Меньше всего я ожидал, что меня отошьет госпожа Фредебейль. Я  думал,  она
разразится длинной проповедью на тему о браке и начнет  упрекать  меня  за
отношение к Марии: иногда и она вела себя как упрямый ортодокс, но  у  нее
это получалось по-женски мило; однако, когда я приезжал в  Бонн  и  звонил
ей, она обычно в шутку требовала, чтобы я снова помог  ей  на  кухне  и  в
детской. Должно быть, я в ней ошибся или же она  опять  была  беременна  и
плохо себя чувствовала. У меня не хватило духу  позвонить  ей  еще  раз  и
постараться выведать, что с ней. Она была всегда так приветлива  со  мною.

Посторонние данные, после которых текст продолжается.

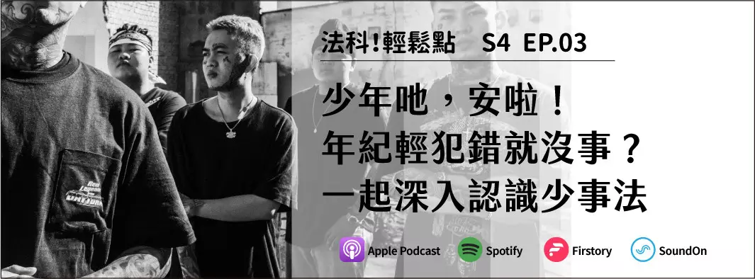 聽這集節目歡迎佐以下推薦電影: 《牯嶺街少年殺人事件》、《少年吔,安啦!》、《發條橘子》、《母子情劫》、《飛行少年》 今年金馬奇幻影展即將在4月8號陸續上映多部好片,包含臺灣黑幫電影經典《少年吔,安啦!》。內容描繪正值年輕氣盛的兩位少年流連於卡拉OK與撞球間,打架吸毒是家常便飯,「小混混」是他們在人們眼中的樣貌。兩人原本無所事事的生活因為兩把手槍,一步步深陷盤根錯節的幫派惡鬥中。從電影中可以窺見那些現實中少年暴力與街頭犯罪的問題。 在臺灣,12到18歲的少年做了壞事、或者是有偏差行為的時候,就會進入少年事件處理法來處理,也就是常聽到的少事法。考量到這時少年的心智發育狀態,少事法會優先以「保護」而不是「處罰」的方式來幫助少年面對問題、成長發展。然而當國內外發生駭人的少年犯罪案件時,總引起「為什麼年紀小就可以罰得比較輕?」的討論。在這集裡,我們將一起認識少事法,並從一部部影視作品中看見被問題困住的少年們。 - 【我們聊了這些】 .00:00 多虧小屁孩,讓Yt也翻起全國法規資料庫 .04:10 小孩犯錯不就該吊起來打嗎?特別有個少事法幹嘛? .13:30 轟動社會的少年犯罪事件:日本少年A、電影《牯嶺街少年殺人事件》 .18:15 犯錯的少年在法律裡會受到什麼對待呢? .38:10 輪到我們話說當年血氣方剛的校園生活 .41:03 「年紀輕」是可以減輕處罰的無敵星星嗎? - 【聽完還想更了解,你還可以用看的】 .有了刑法,為何需要少事法?淺談少事法立法目的︱作者:司法流言終結者 .認識少年保護管束制度(一)──保護管束的概念、對象與方法︱作者:黎勝文 .認識少年保護管束制度(二)--保護管束的期間與救濟︱作者:黎勝文 .少年保護事件中的被害人到庭陳述意見權︱作者:司法流言終結者 - /// 關於 法科!輕鬆點 /// 法律百科的好搭檔,Yt與Henry,⼀位看似跟法律沾不上邊的插畫設計師,⼀位想講專業知識卻⼜忍不住說冷笑話的法律編輯,⽤淺⼊淺出的⽅式,聊你我⽣活中遇到的⼤⼩事,偶爾偷渡⼀些法律冷知識。 這裡不會有⻑篇⼤論的法律深究(因為Yt也會聽不下去咳咳咳),只有輕鬆有趣的有料對談。 法律有沒有那麼難,「法科!輕鬆點!」 歡迎與我們分享您的收聽感想,無論是⿎勵、建議,或節⽬主題的許願,請填寫給製作團隊的⼩紙條,將您的想法都告訴我們吧! 除了在法律百科網站上收聽,您還可以在以下管道中直接訂閱《法科!輕鬆點》: Apple Podcast、Spotify、Firstory、SoundOn、Google Podcast、KKBOX - 節⽬⽚頭⽚尾⾳樂來源:"And Just Like That" Written by Bryan Teoh.
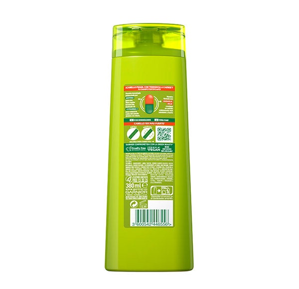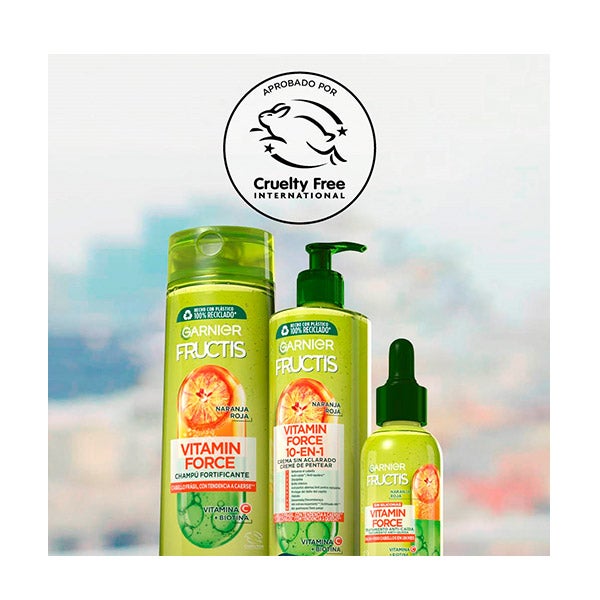 Garnier Fructis Vitamin Force Champú combina Naranja Roja, Vitamina C y Biotina para revitalizar el cabello con propensión a la caída. Refuerza la fibra capilar desde la raíz hasta las puntas y ayuda a disminuir la pérdida de cabello ocasionada por la rotura.
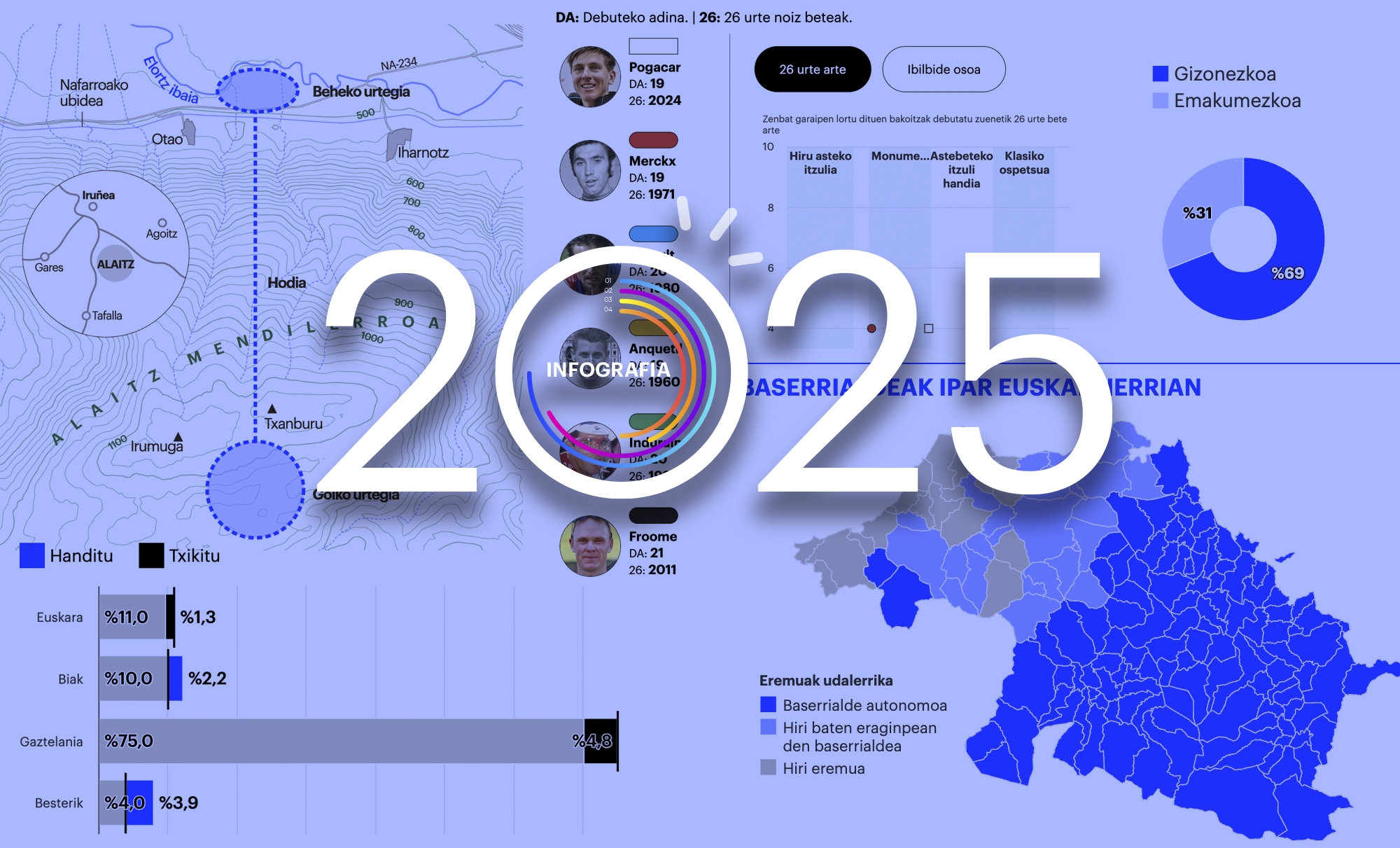 Esaten da matematikek mundua ulertzen lagundu dezaketela, eta hori izaten da datu kazetaritzaren erronka: gertakari bat esplikatzen laguntzea, datu sortak arakatuta. Irudi batek mila hitzek baino esplikazio hobea ematen duela ere esaten da, eta horixe izaten da infografisten lana: gertakari bat argiago azaltzea, grafikoak erabilita. BERRIAko taldeak ahalegin handia egiten du datu kazetaritzan eta infografismoan, eta azkeneko urteetan jauzi bat egin du datuak webean modu interaktiboan erakusteko. Ahalegin horren erakusleiho bat da artikulu hau, BERRIAk 2025ean egin duen lan infografikoaren laburpen bat, hamabi grafiko ikusgarri eta esanguratsutan oinarritua.
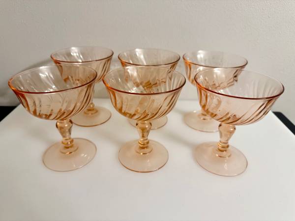 For sale is this set of 6 Arcoroc rosaline pink swirl sherbet glasses. These were made in France and are clearly marked on the bottom of each glass. All of the glasses are in perfect condition with no damage to mention. They each measure approximately 5.5 inches tall by 3.75 inches wide.
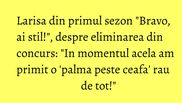 Cum Larisa a fost una dintre cele mai longevive concurente ale show-ul „Bravo, ai stil!”, sezonul I, si s-a bucurat, pe parcursul participarii in concurs, atat de admiratia juriului, dar mai ales de cea a publicului, moderatoarea emisiunii a vrut sa afle daca sunt lucruri pe care Larisa nu le-a spus pana acum si vrea sa le dea curs si, mai ales, cum s-a simtit tanara cand a fost eliminata.
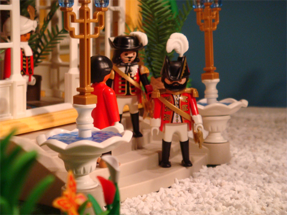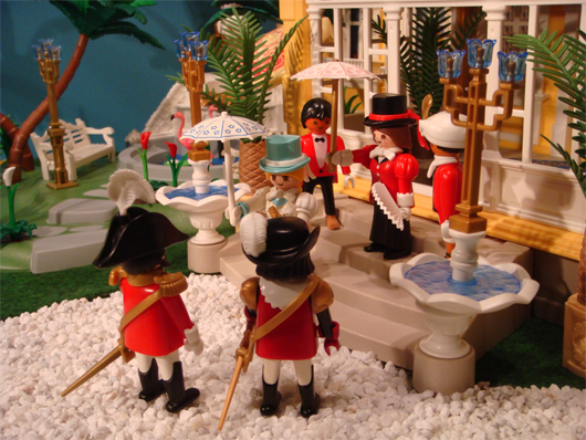 Constanze: "Komm Katharina, wir nehmen dort am Springbrunnen Platz!"
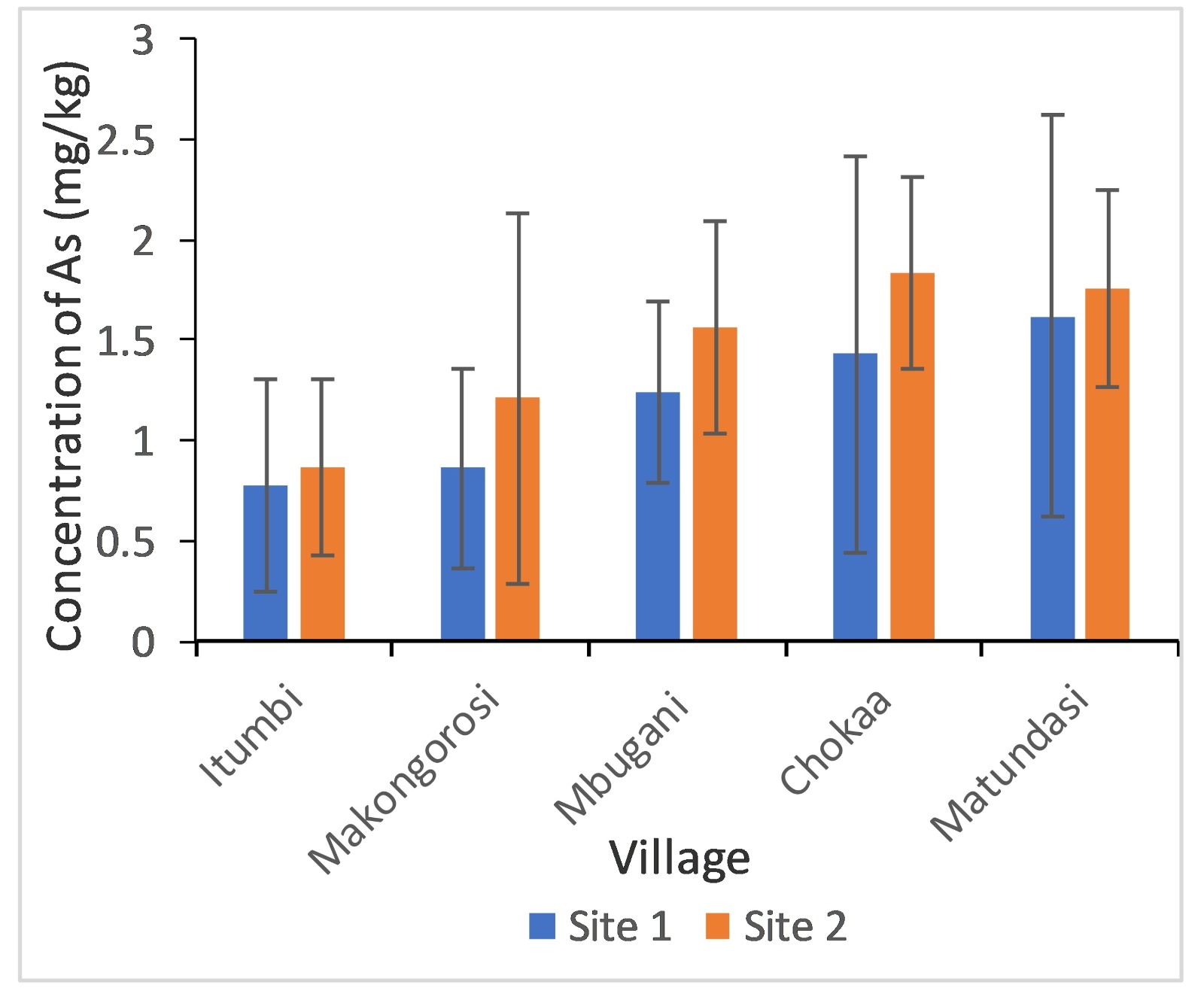Figure 8. Concentration of arsenic (As) at 0 m from the tailings across different villages (Makongorosi, Itumbi, Chokaa, Matundasi, and Mbugani) for Site 1 and Site 2.
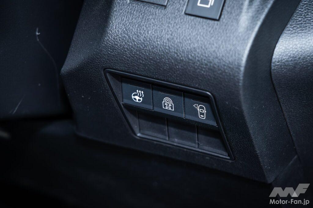 ステアリングも新型は上下が直線的になった新タイプに変更された。これまではステアリングコラムに設けられてたクルーズコントロール系のスイッチがステアリング左側に移設されたことで、より直感的な操作が可能となったのも朗報だ。また、ステアリングホイールヒーターも新装備された。
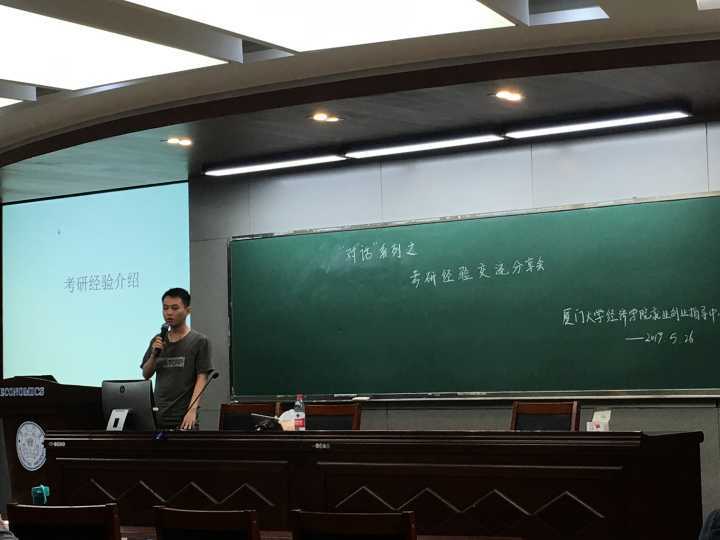 随后登台的是考取到太阳成集团tyc7111cc产业经济学的曾建华同学,他以幽默的语言风格为同学们介绍了自己的考研经验,内容包括对于不同院校和专业的选择,初试难度的差别以及复试的占比、录取比和分差等问题。同时他还“透露”了一些考试中的小技巧,并强调了答题时的书写问题。严肃的考研被他以幽默风趣的而不失细致的方式道出,这给同学们留下了深刻印象。
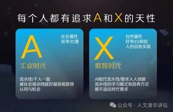 每个人天生都有追求“A”和“X”的天性:“A”是与竞争相关的社会属性,“X”是与好奇心、探索、人的自我发现相关的自然属性。近200年来,在追求标准化的工业时代,被社会规训得越好越容易获得认同与机会,因此“A型人才”受推崇。
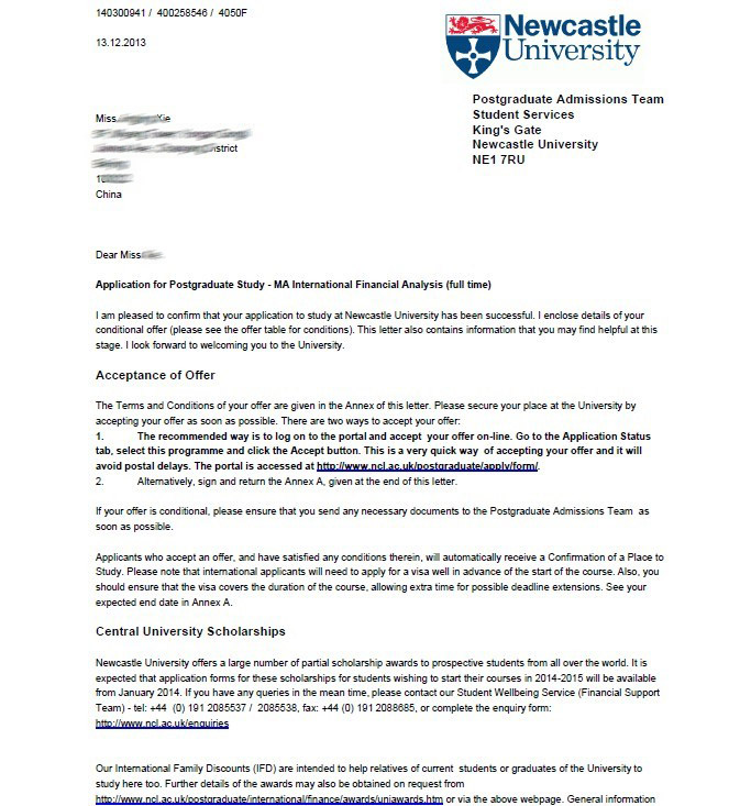 恭喜成同學成功獲得紐卡斯特大學國際金融學碩士專業錄取通知書-優越教育

Скорее всего Фредебейль оставил ей "точные инструкции", как меня отшить. Я
часто размышлял над тем, что жены в своей преданности мужьям доходят порой
до полного идиотизма. Госпожа Фредебейль была еще  слишком  молода,  чтобы
почувствовать, как сильно уязвила меня ее подчеркнутая холодность; и уж во
всяком случае она  не  способна  понять,  что  ее  супруг  просто-напросто
приспособленец и болтун, который любой ценой делает себе карьеру, и что он
"устранит" даже свою родную бабушку, если  она  будет  стоять  у  него  на
дороге. Наверное, он сказал ей: "От Шнира  надо  отделаться",  и  она  без
колебаний отделалась от меня. Она подчинялась ему во всем;  раньше,  когда
он считал, что я могу быть ему как-то полезен, она была со мной мила,  что
соответствовало ее натуре, теперь ей пришлось нагрубить мне,  хотя  это  и
претило ее натуре. Может быть, конечно, я был несправедлив к ним обоим,  и
они поступали, как им велела совесть. Если Мария и в самом деле  вышла  за
Цюпфнера, то, помогая  мне  установить  с  ней  связь,  они  бы  совершили
греховный поступок... а то, что Цюпфнер являлся  именно  тем  человеком  в
Федеральном объединении, который мог пригодиться Фредебейлю, не обременяло
их совесть. Ведь они обязаны поступать правильно и  праведно  даже  тогда,
когда это им самим идет  на  пользу.  Сам  Фредебейль  поразил  меня  куда
меньше, чем его жена. На его счет я никогда не питал иллюзий, и  даже  тот
факт, что он теперь агитировал за ХДС, не мог меня удивить.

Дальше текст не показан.